Crime Library: Criminal Minds and Methods

The Murder Mystery of Mary Rogers

Deaths and Confessions

Raymond Paul states that Mary's fiancé Daniel Payne had, according to the young man's brother, plunged into a deep grief after his sweetheart's death. The already alcoholic corkcutter drank even more heavily and his brother even feared that Daniel was slowly going insane.

In the weeks following Mary's death, Payne had endured the initial suspicion in her death and had to undergo the trauma of identifying her remains at a second inquest (possibly sparked by the Tattler's repeated assertions that the body taken from the Hudson was not Mary Rogers).  It was also reported that Payne had been visited by Mary's ghost.

On the morning of October 7, 1841, Payne left his New York City lodgings (he had moved from the boarding house run by Mary's mother soon after Mary's death) and proceeded to drink excessively at various bars in his neighborhood, stopping briefly in a store to purchase a small bottle of the poison laudanum.

He caught an afternoon ferry for Hoboken, and his first stop in New Jersey was Loss's tavern.  There he drank brandy and possibly got directions to the infamous thicket where his lost love's clothing had been found.  Sitting next to the thicket, he took out a piece of paper and wrote: "To the World – here I am on the very spot.  May God forgive me for my misspent life."  Putting the note into his pocket, he then quickly consumed the poison and staggered off.

The laudanum took some time to work painfully through Payne's system, leaving the dying man enough time to stop at other taverns for more liquor.  He finally stumbled back to the place where Mary's body had been brought ashore.  He lay down on a bench there and died.

His suicide brought the Mary Rogers tale back to the headlines, although his cryptic note would not be seen as an admission of guilt -- his iron-tight alibi and numerous witnesses for the infamous Sunday remained above questioning -- and he was generally viewed as a love-struck romantic who could not bear life without his Mary.

Mrs.
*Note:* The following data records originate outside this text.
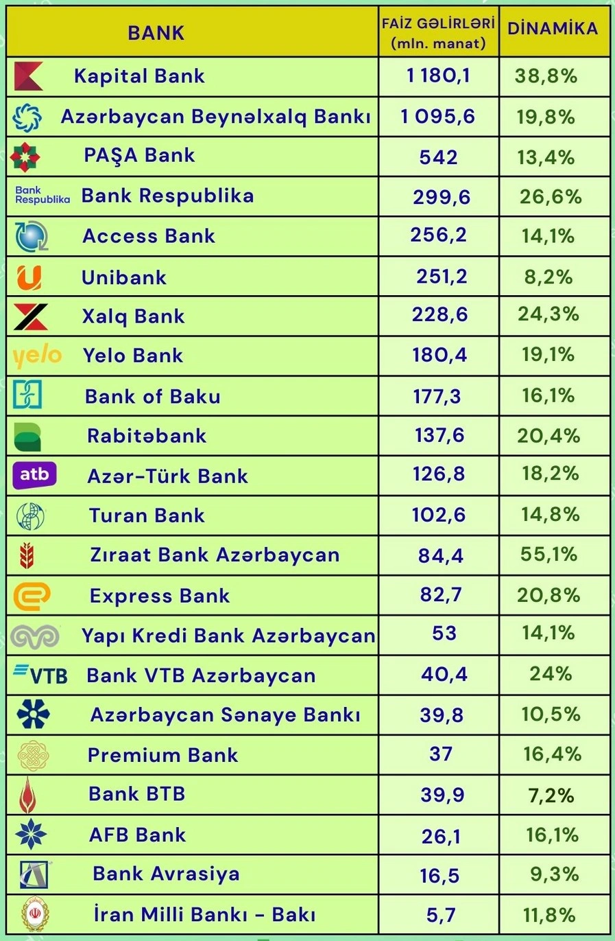 azərbaycan banklar faizgəlirləri 2025 kapitalbank 1180 1milyon azərbaycanbeynəlxalqbankı 1095 6milyon paşabank 542 1milyon bankrespublika 299 6milyon accessbank 256 2milyon 17bank 100-255milyon 9bank 10-100milyon 1bank 10milyonmanatdanaz dinamikafaiz ziraatbankazərbaycan 55 1% bankbtb 4 7% iqtisadiyyat banksektoru maliyyə
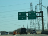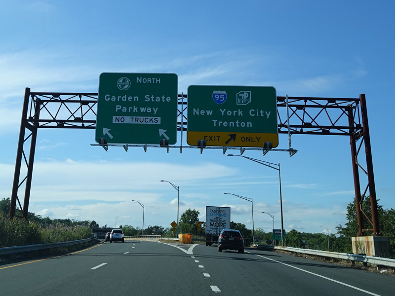 The ramps from US 9 and NJ 184 merge together and then split. Bear left to get on the parkway heading north. Bear right for the New Jersey Turnpike (I-95).
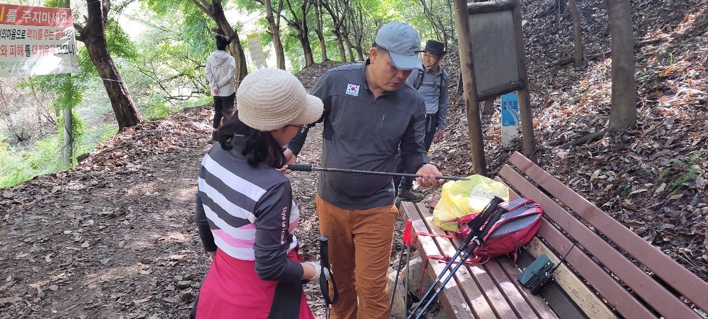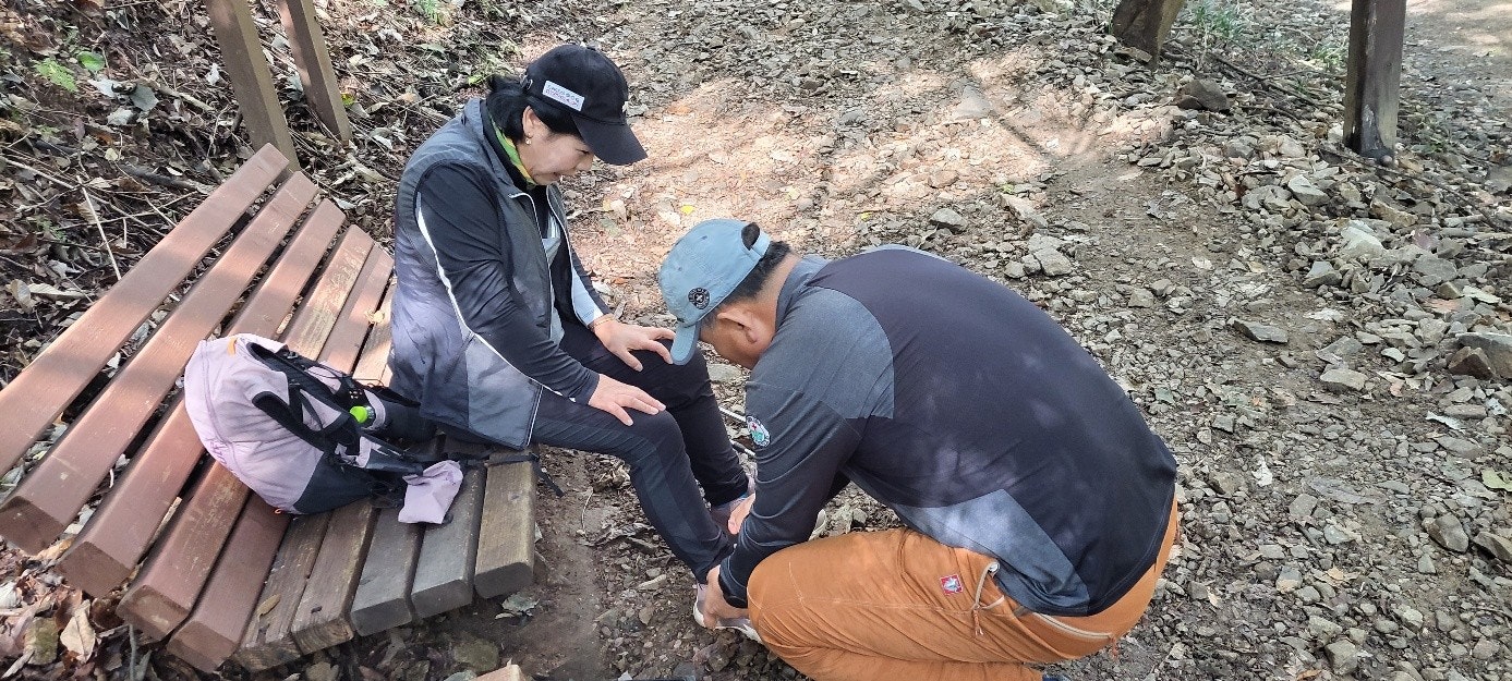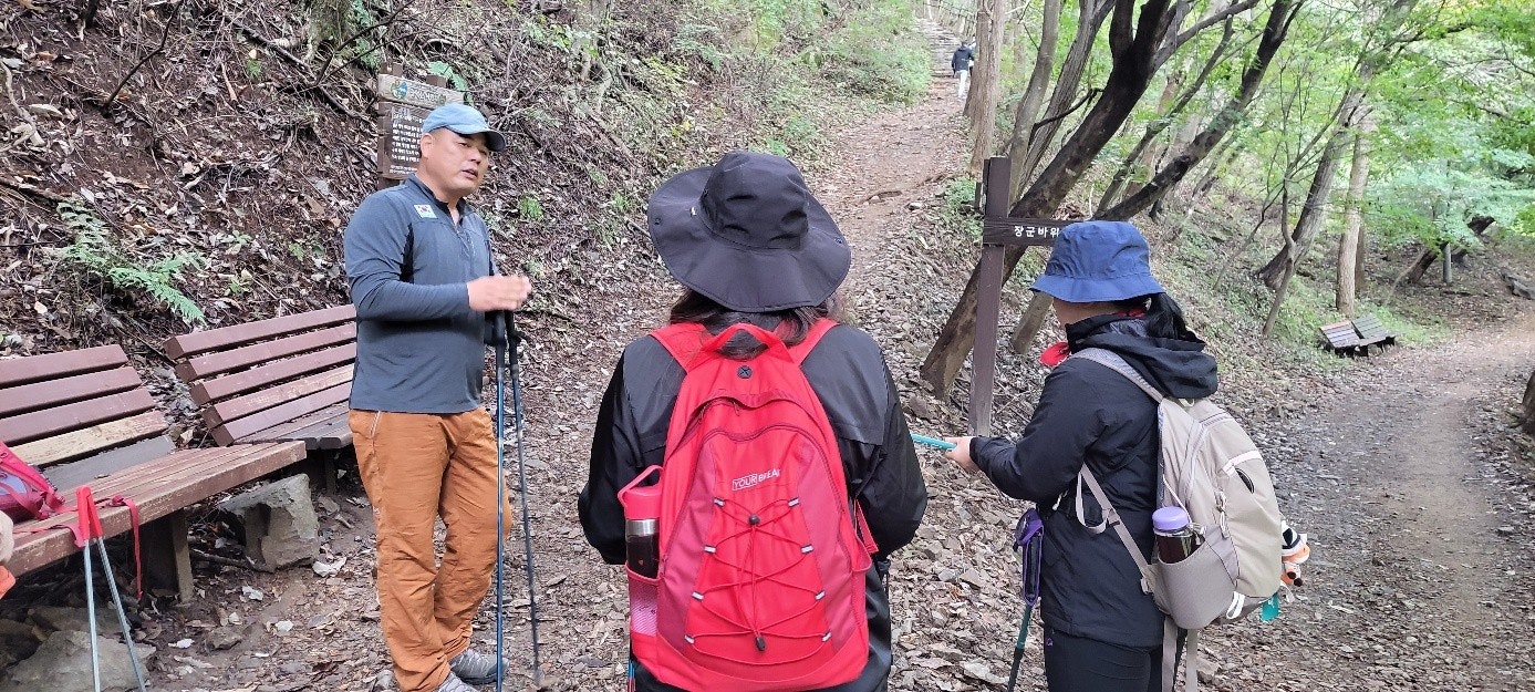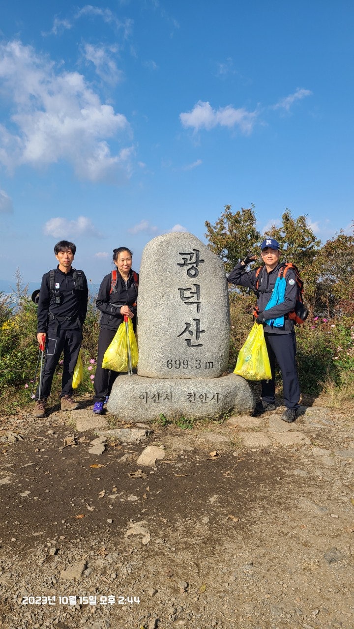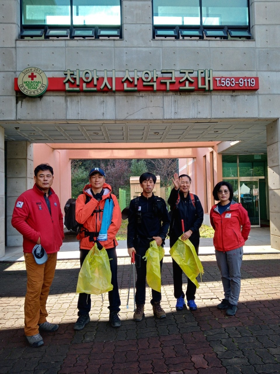 사무실 도착후 소방서 연락후 다같이 모여 사진찍습니다. 최성이 고문님, 박용운 감사님, 김경숙 대원은 광덕사 일주문 및 정상과 장군바위 갈림길에서 등산객 상대로 등산화 끈 묶는 방법, 올바른 스틱 사용 방법, 등산시 보행법등을 교육하셨습니다.
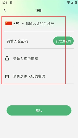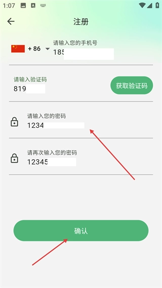 2、进入【注册】页面,依次填写【手机号】、点击【获取验证码】,接着设置并确认密码,操作完成后点击【确认】按钮。

Loss on her deathbed. (Nathan MacDicken)
Mrs. Loss on her deathbed.
(Nathan MacDicken)

Interest waned in the Mary Roger's murder after Payne's suicide until October 1842, when, apparently by accident, innkeeper Frederica Loss was shot by one of her sons.  For more than two weeks she lay on her deathbed, sometimes incoherent and sometimes shouting that the ghost of a young woman floated near her bed (Mary's ghost was also rumored to have visited former employer John Anderson in his final years).  In her last moments, according to various newspapers, Ross confessed that Mary Rogers and a young "dark and tall" doctor arrived at her inn on that fatal Sunday and an abortion was performed, from which Mary died of complications.  Her body was "taken at night by the son of Loss and sunk in the river where it would be found.  Mary's clothes were first ... sunk in a pond on the land of (a neighbor); but it was afterwards thought that they were not safe there, and they were accordingly taken and scattered through the woods as they were found."

Some questioned the genuineness of this alleged deathbed declaration, as it contradicted some of the known facts of the case – particularly the thumb and finger marks the coroner had found around Mary's neck and the same coroner's assertion that Mary had "been a person of chastity" – but the story would become the generally accepted one, partly because of a famous tale by Edgar Allen Poe.